Third, during 1984, Ms. Walters requested that she be
removed from FIP's payroll because she wanted to avoid trouble in
the future with the IRS. Furthermore, Ms. Walters knew that
following the audits and the grand jury investigation, the
accountants who prepared the tax returns for FIP and petitioners
began to take a closer look at large and extraordinary items,
especially expense items, reported on the tax returns and that
after they were prepared, the returns were reviewed by attorneys
who specialized in tax matters before being presented to
petitioners for their signature. We are persuaded that, as far
as Ms. Walters knew, she had taken appropriate action to assure
herself that the returns were proper and correct.

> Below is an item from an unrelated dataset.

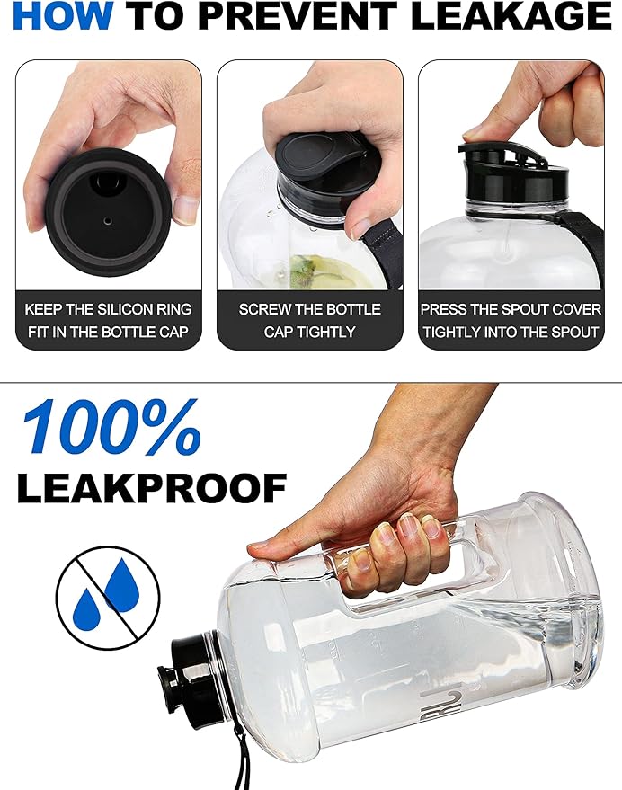【漏れ防止・飲みやすい】ハーフガロンのウォーターボトルの跳ね上げ式キャップも飲み口も密閉されています。 広い飲み口、または狭い飲み口という2通りの方法でスムーズに飲むことができます。 ジム用のバッグや衣類が濡れるといった心配がありません。

Finally, we do not agree that Ms. Walters blindly accepted
petitioners' tax returns. While she may not have reviewed the
returns in depth, Ms. Walters knew that the returns had been
prepared by a C.P.A. and then reviewed and approved by attorneys
who specialized in tax matters before the returns were given to
petitioners for signature. Furthermore, Ms. Walters sought and
received assurances from Mr. Gherman that the returns were
properly prepared before she signed them. Accordingly, we are
persuaded that Ms. Walters satisfied her duty to inquire as to
the accuracy of the joint tax returns.